■ Work instruction:
Print the lines that start the entries and continue through the one holding "Prima pagina Repubblica", please, exactly and with the pictures omitted.

■ Dataset records:
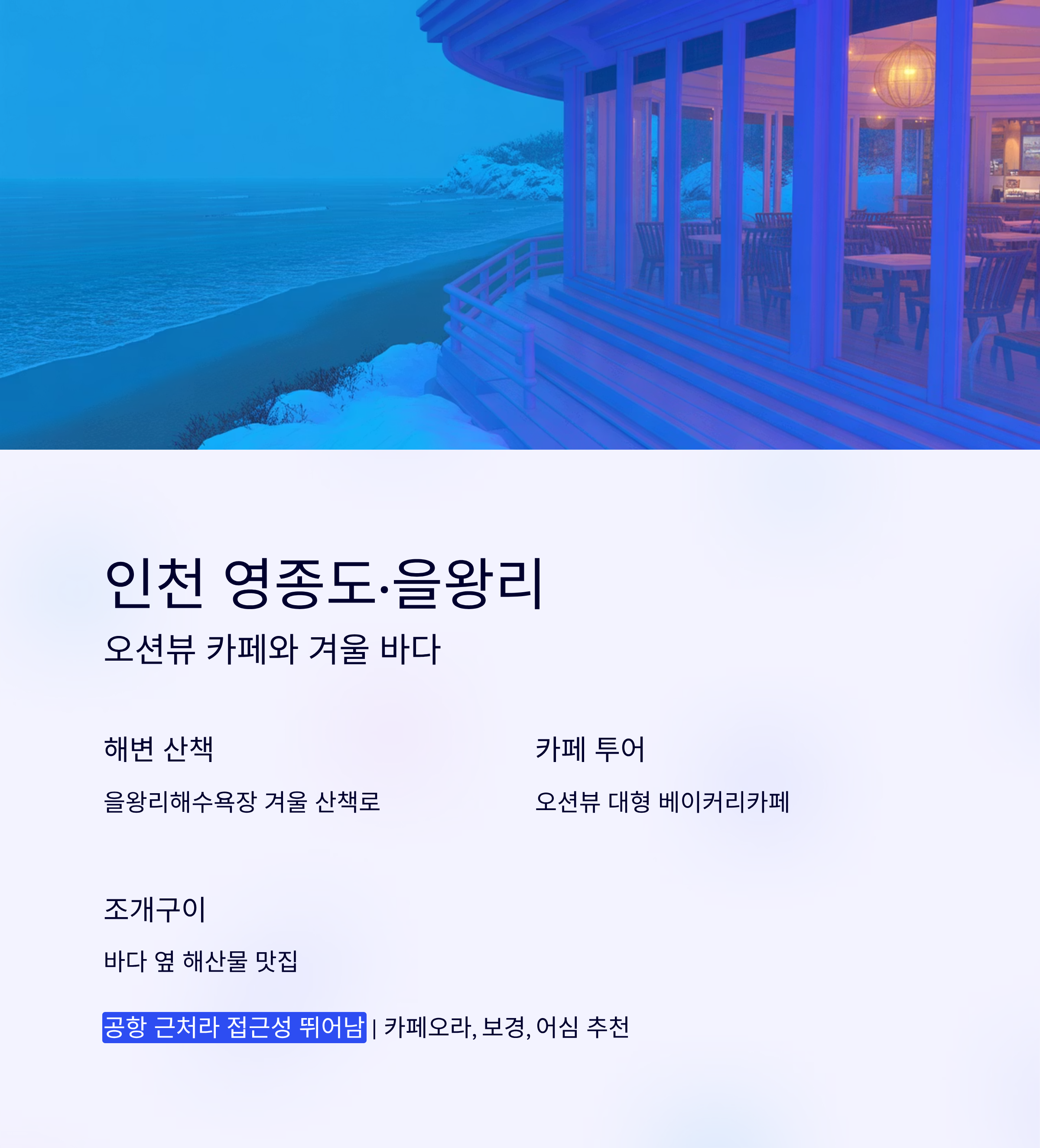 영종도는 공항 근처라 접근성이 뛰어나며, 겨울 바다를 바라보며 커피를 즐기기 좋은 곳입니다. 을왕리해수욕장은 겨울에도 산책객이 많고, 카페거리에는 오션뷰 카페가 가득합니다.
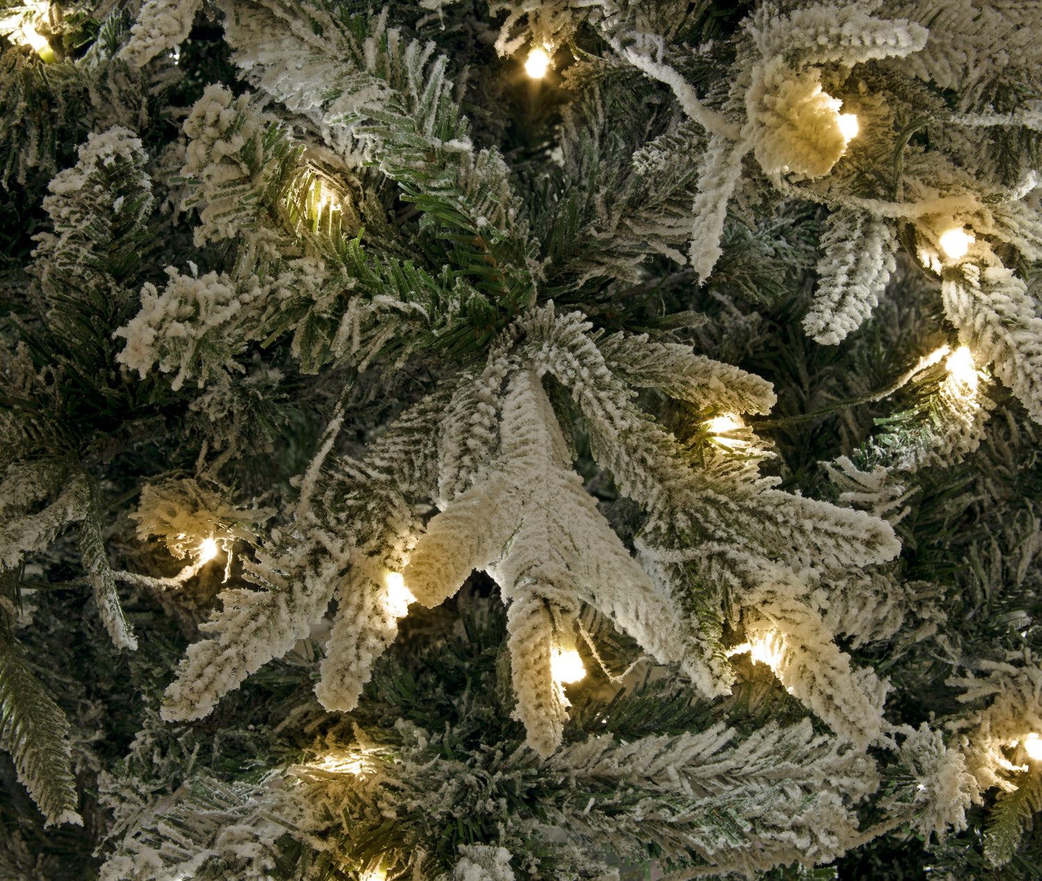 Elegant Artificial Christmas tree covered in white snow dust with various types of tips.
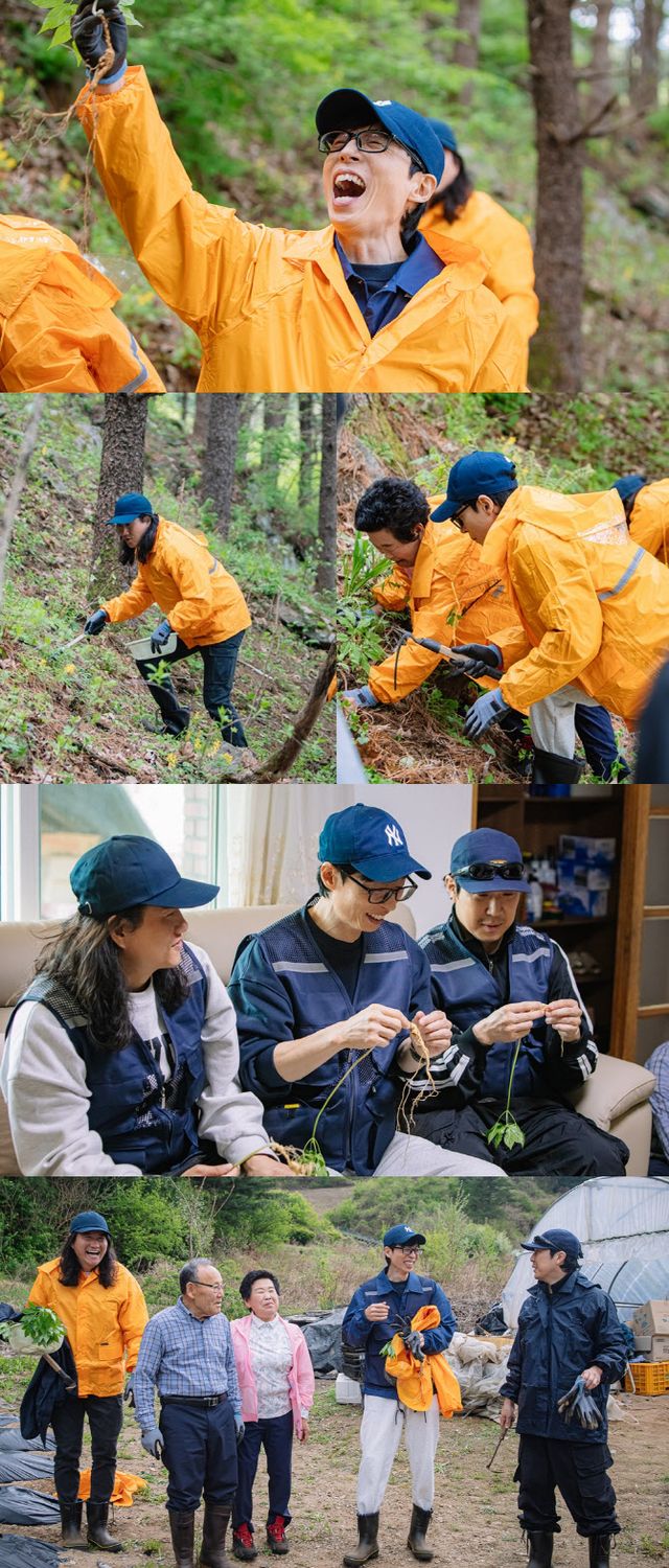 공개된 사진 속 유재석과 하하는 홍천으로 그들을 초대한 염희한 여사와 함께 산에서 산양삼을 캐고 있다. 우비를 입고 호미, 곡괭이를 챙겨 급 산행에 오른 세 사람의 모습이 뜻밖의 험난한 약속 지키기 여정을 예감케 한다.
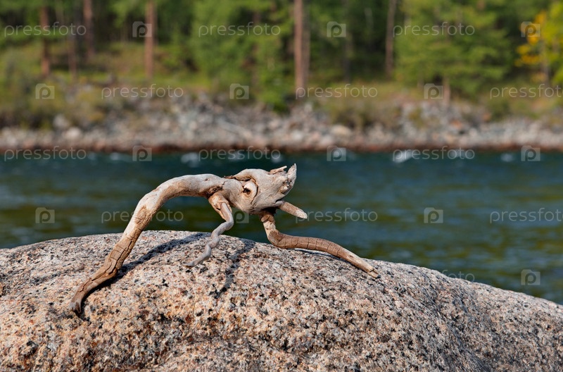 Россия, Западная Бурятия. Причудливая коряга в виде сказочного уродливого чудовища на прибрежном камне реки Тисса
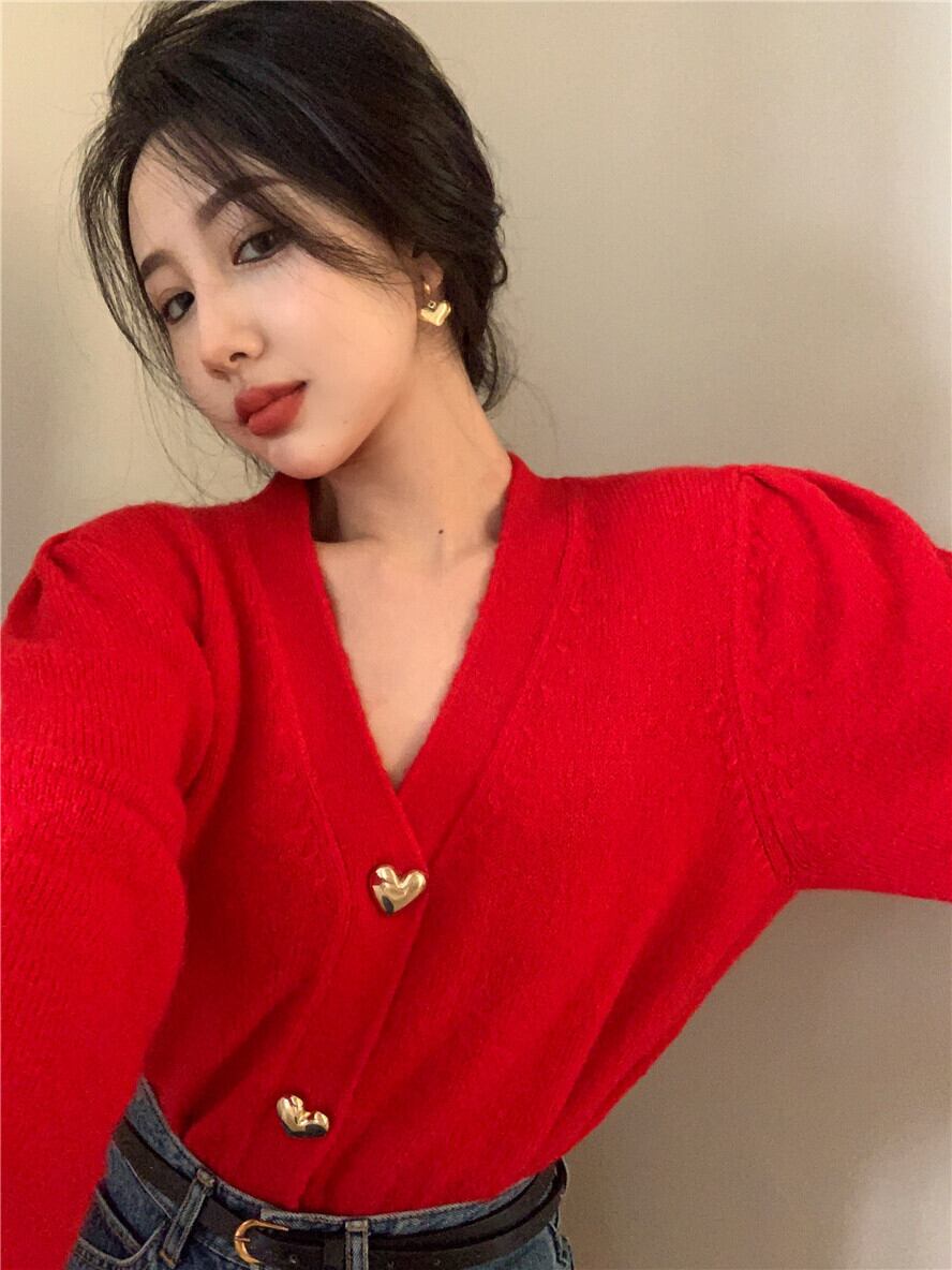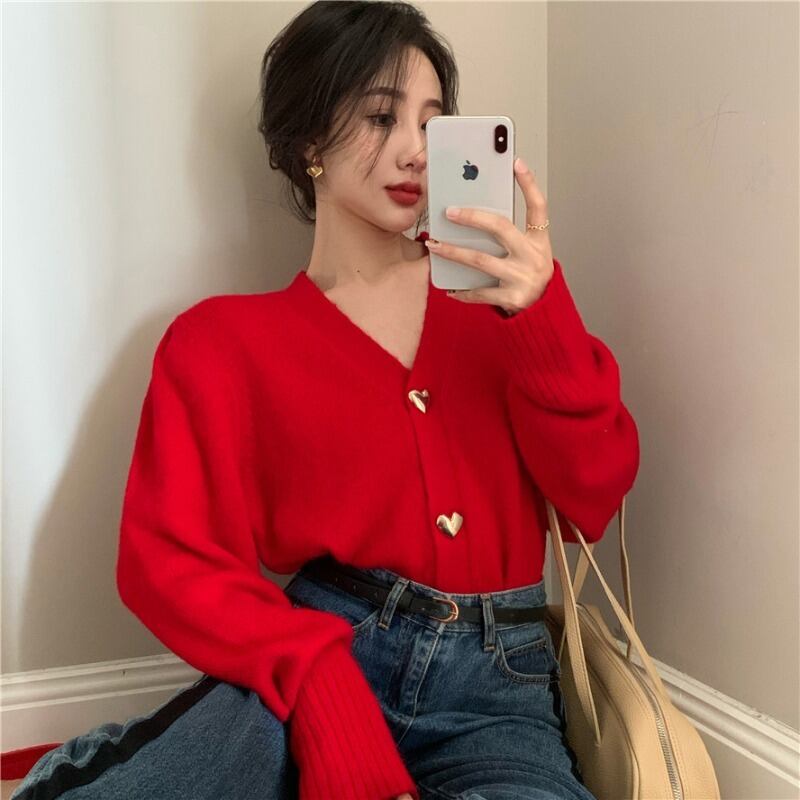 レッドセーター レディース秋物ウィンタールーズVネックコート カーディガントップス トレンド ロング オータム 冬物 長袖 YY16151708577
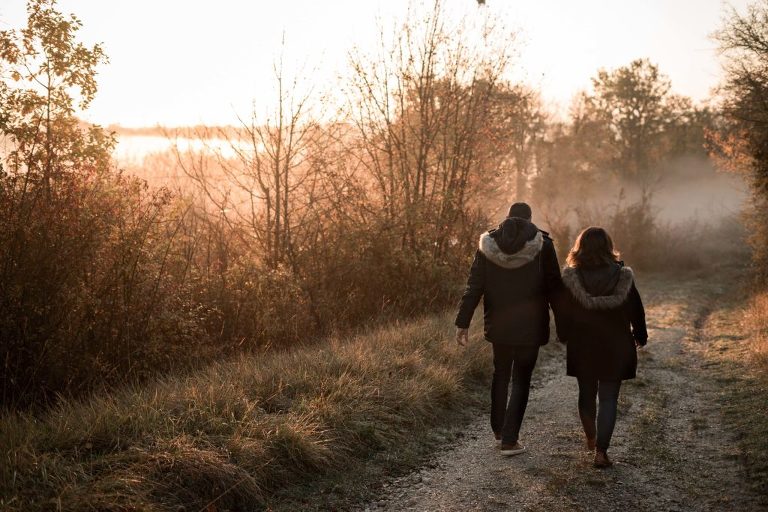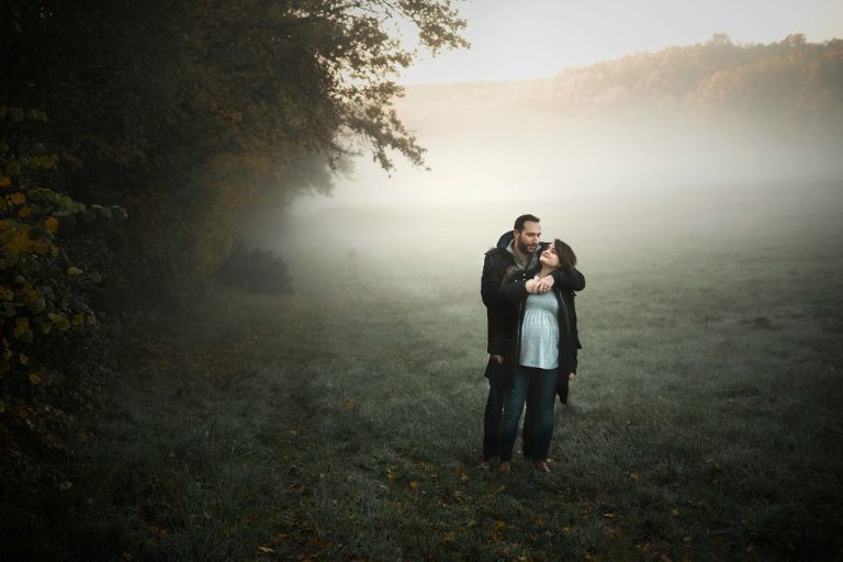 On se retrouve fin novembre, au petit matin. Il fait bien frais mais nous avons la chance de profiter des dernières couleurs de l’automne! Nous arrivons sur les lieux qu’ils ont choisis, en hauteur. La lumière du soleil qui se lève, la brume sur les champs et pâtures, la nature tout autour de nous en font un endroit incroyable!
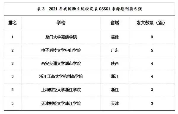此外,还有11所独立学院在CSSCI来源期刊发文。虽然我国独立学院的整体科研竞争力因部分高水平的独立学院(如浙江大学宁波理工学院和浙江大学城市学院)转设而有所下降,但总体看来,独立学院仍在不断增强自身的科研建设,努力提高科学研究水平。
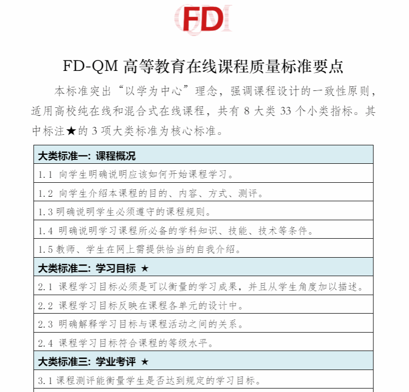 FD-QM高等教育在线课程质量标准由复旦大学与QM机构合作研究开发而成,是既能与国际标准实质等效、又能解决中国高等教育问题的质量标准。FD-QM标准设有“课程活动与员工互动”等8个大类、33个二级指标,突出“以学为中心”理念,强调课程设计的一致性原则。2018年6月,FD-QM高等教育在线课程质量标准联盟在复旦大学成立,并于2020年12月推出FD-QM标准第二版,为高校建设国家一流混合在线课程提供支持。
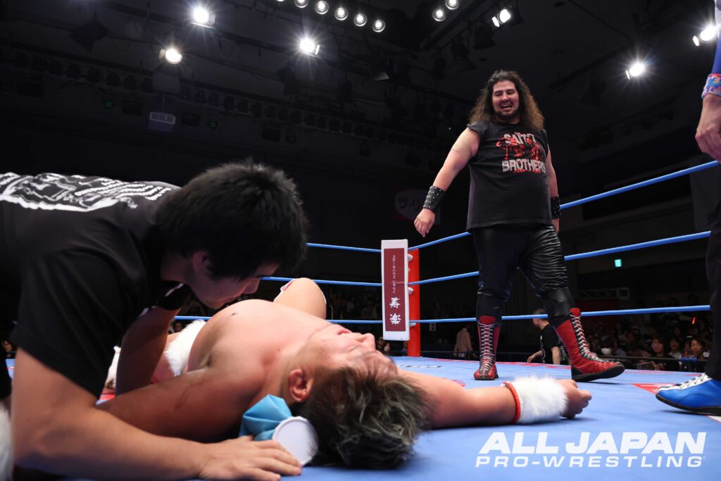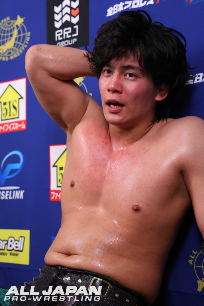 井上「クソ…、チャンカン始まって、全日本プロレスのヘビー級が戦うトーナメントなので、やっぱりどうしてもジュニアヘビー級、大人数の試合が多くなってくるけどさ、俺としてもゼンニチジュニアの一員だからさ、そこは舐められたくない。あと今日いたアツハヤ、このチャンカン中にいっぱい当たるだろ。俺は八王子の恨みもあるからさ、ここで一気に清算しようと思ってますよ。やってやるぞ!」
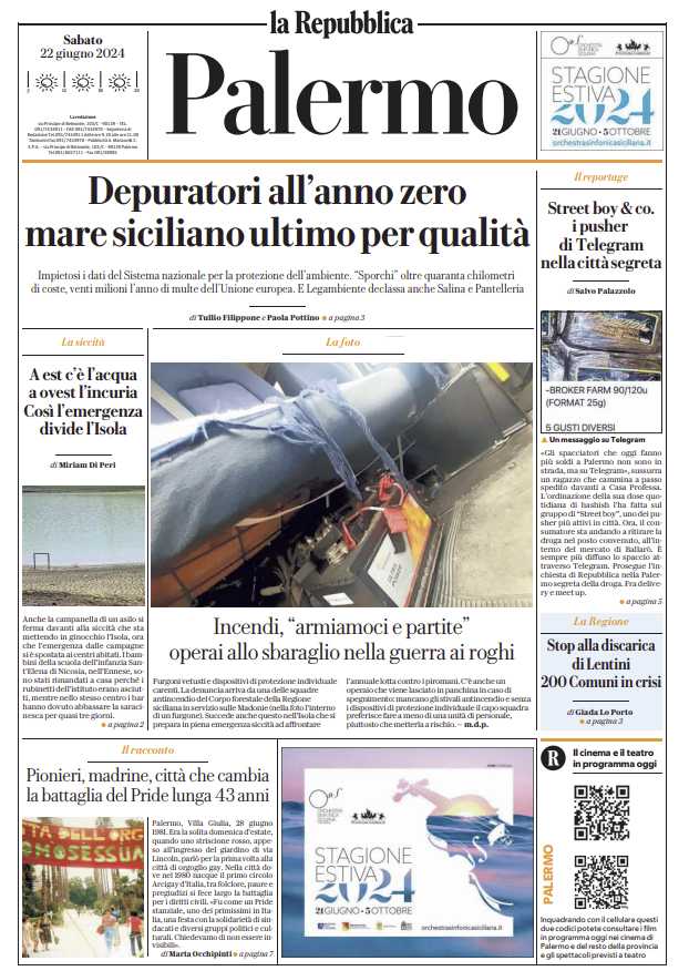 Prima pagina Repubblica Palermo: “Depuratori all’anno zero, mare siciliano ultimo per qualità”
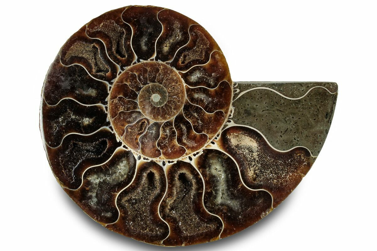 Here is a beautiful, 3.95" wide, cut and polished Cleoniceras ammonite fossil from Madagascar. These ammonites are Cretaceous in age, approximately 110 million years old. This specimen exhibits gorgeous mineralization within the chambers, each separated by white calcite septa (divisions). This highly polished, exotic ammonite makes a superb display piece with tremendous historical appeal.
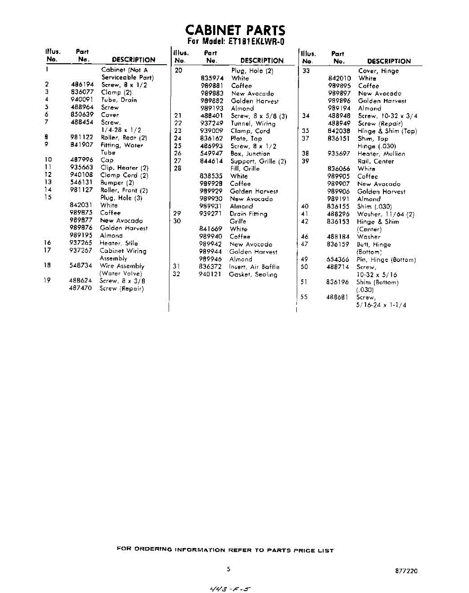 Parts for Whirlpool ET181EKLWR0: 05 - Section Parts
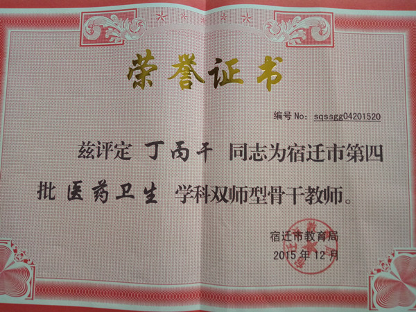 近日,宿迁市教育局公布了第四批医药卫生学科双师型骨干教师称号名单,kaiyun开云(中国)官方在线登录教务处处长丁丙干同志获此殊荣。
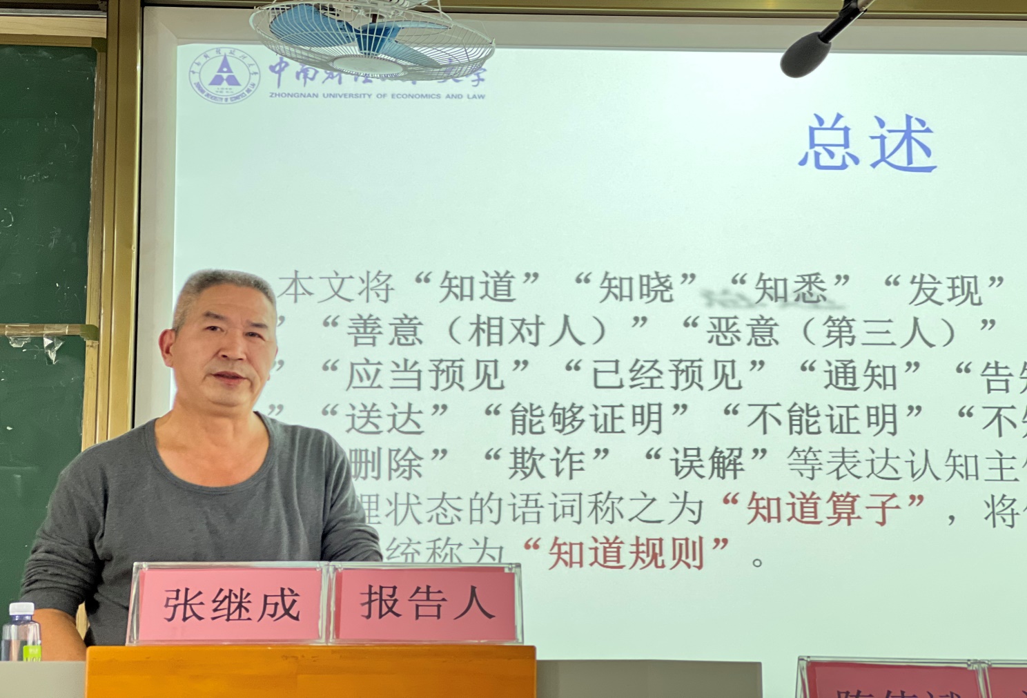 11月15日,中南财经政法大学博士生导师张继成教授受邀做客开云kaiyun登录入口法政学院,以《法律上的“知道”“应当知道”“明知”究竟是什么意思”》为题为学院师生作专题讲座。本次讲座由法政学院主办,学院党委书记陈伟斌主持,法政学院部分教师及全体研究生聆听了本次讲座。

■ Your response:
 영종도는 공항 근처라 접근성이 뛰어나며, 겨울 바다를 바라보며 커피를 즐기기 좋은 곳입니다. 을왕리해수욕장은 겨울에도 산책객이 많고, 카페거리에는 오션뷰 카페가 가득합니다.
 Elegant Artificial Christmas tree covered in white snow dust with various types of tips.
 공개된 사진 속 유재석과 하하는 홍천으로 그들을 초대한 염희한 여사와 함께 산에서 산양삼을 캐고 있다. 우비를 입고 호미, 곡괭이를 챙겨 급 산행에 오른 세 사람의 모습이 뜻밖의 험난한 약속 지키기 여정을 예감케 한다.
 Россия, Западная Бурятия. Причудливая коряга в виде сказочного уродливого чудовища на прибрежном камне реки Тисса
 レッドセーター レディース秋物ウィンタールーズVネックコート カーディガントップス トレンド ロング オータム 冬物 長袖 YY16151708577
 On se retrouve fin novembre, au petit matin. Il fait bien frais mais nous avons la chance de profiter des dernières couleurs de l’automne! Nous arrivons sur les lieux qu’ils ont choisis, en hauteur. La lumière du soleil qui se lève, la brume sur les champs et pâtures, la nature tout autour de nous en font un endroit incroyable!
此外,还有11所独立学院在CSSCI来源期刊发文。虽然我国独立学院的整体科研竞争力因部分高水平的独立学院(如浙江大学宁波理工学院和浙江大学城市学院)转设而有所下降,但总体看来,独立学院仍在不断增强自身的科研建设,努力提高科学研究水平。
 FD-QM高等教育在线课程质量标准由复旦大学与QM机构合作研究开发而成,是既能与国际标准实质等效、又能解决中国高等教育问题的质量标准。FD-QM标准设有“课程活动与员工互动”等8个大类、33个二级指标,突出“以学为中心”理念,强调课程设计的一致性原则。2018年6月,FD-QM高等教育在线课程质量标准联盟在复旦大学成立,并于2020年12月推出FD-QM标准第二版,为高校建设国家一流混合在线课程提供支持。
 井上「クソ…、チャンカン始まって、全日本プロレスのヘビー級が戦うトーナメントなので、やっぱりどうしてもジュニアヘビー級、大人数の試合が多くなってくるけどさ、俺としてもゼンニチジュニアの一員だからさ、そこは舐められたくない。あと今日いたアツハヤ、このチャンカン中にいっぱい当たるだろ。俺は八王子の恨みもあるからさ、ここで一気に清算しようと思ってますよ。やってやるぞ!」
 Prima pagina Repubblica Palermo: “Depuratori all’anno zero, mare siciliano ultimo per qualità”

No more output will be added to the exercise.